Quiso corregir al chofer en cuanto al título, pero recordó los consejos de su tía Margaret de no olvidar que en el Sur todavía se creían siervos de la corona inglesa y que así se comportaban. Tampoco debía agradecer a los sirvientes, era mal visto. Eso le iba a volver loco. Bajó, sacando un pañuelo con que limpiarse el sudor, notando que su traje gris claro estaba maltratado por el clima tropical de Misisipi. Todo un fastidio, se dijo para sí, tomando su sombrero y bastón del asiento contrario al suyo dentro del carruaje para echar a andar hacia lo que sería su casa por las breves semanas que ahí estuviera. Era de tres plantas con una arquitectura neoclásica muy pulcra, casi toda de blanco con pequeños detalles en color verde menta. Muy discreta, aunque algo alejada de las mansiones de sus clientes. Sospechó que el ser del Norte lo había enviado lejos pero no haría caso a esos desdenes de algodoneros religiosos esclavistas.
-Lord Stark, soy Munroe, su ama de llaves -se presentó una madura y rolliza mujer de color, haciendo una reverencia sin mirarle, ataviada en esos trajes de servidumbre blancos de telas delgadas con una pañoleta roja cubriendo sus ensortijados cabellos negros.

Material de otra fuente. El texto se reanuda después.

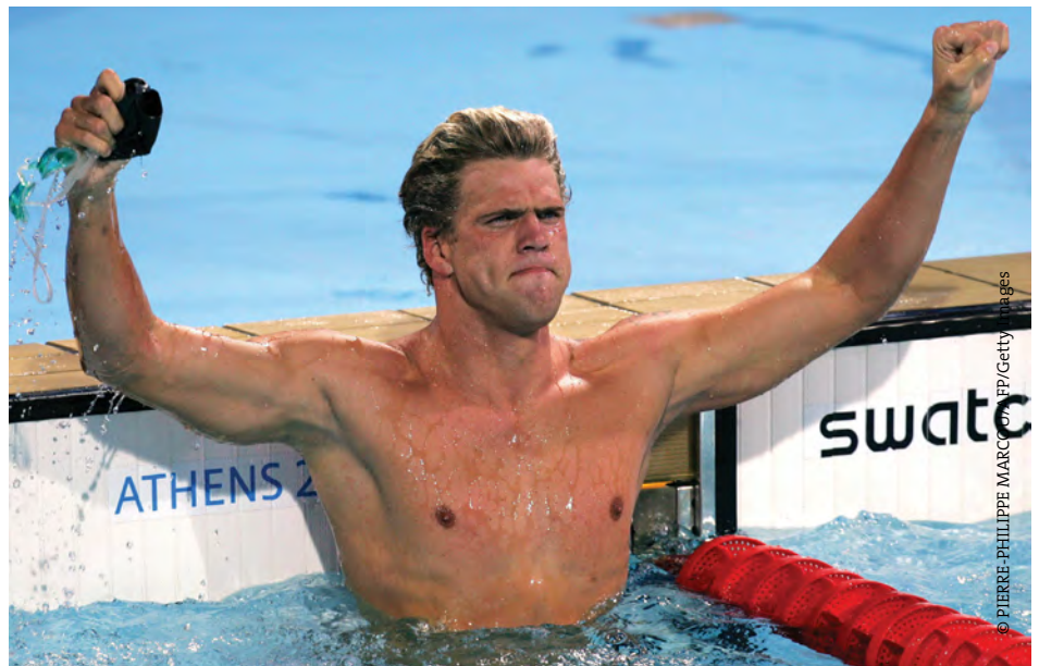
Image 1: Gary Hall Jr. celebrating after winning the gold medal in the men's 50 m freestyle at the 2004 Olympic Games in Athens.

Rare forms of diabetes may also require insulin therapy in athletes. These include monogenic diabetes (e.g., MODY) and secondary diabetes resulting from pancreatic disease, medications, or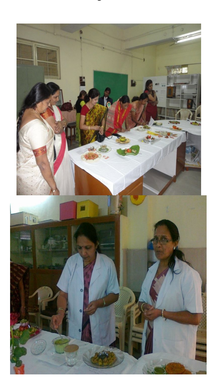
Competitions held in Nutrition week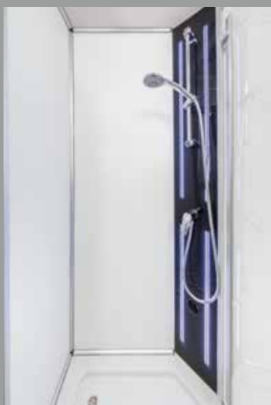
↑ REFRESHING SHOWER

-Munroe... -calló unos segundos. No agradecer ni saludar de mano a sirvientes. Qué asco de gente sureña- Me gustaría beber algo fresco.
-Enseguida, milord.
Luego de recargar energías en una cómoda salita y beber una deliciosa limonada fría, quiso salir a dar una vuelta a caballo para conocer los alrededores de Vicksburg. Estando tan cerca de los campos de algodón como de los campamentos de los esclavos, era una buena oportunidad para ver de primera mano qué tan ciertas eran las crónicas de los periódicos neoyorkinos sobre la vida de estas pobres almas cuyo único pecado había sido tener la piel oscura. Aquellas tierras poseían su encanto natural, los enormes campos de agricultura, pero sobre todo los de algodón lucían como si las nubes mismas hubieran bajado a posarse sobre los pastos y se quedaron ahí. De no ser por el calor que le agobiaba como buen norteño acostumbrado más al frío, lluvias y nieve, en verdad hubiera alabado esa naturaleza, más tenía que usar el bendito pañuelo cada docena de metros.
Sus ojos se quedaron prendidos en los capullos blancos, con manchas sobre ellos de las sombras que las nubes en lo alto proyectaban formando siluetas interesantes. Había a lo lejos figuras encorvadas cargando cestos, esclavos trabajando. Detuvo el caballo, mirando la escena y tratando de comprender qué estaba sucediendo ahí, qué les daba tanto poder a los "lores" dueños de los campos que podían mantener un grueso número de afroamericanos obedeciéndoles. Una respuesta era la religión extremista que se vivía en Misisipi. ¿Ignorancia? ¿Miedo? ¿Costumbre? Perdido en esos pensamientos no notó a otro jinete aproximarse rápidamente en dirección contraria hacia él, con un trote tranquilo. Le prestó atención hasta que le vio con claridad.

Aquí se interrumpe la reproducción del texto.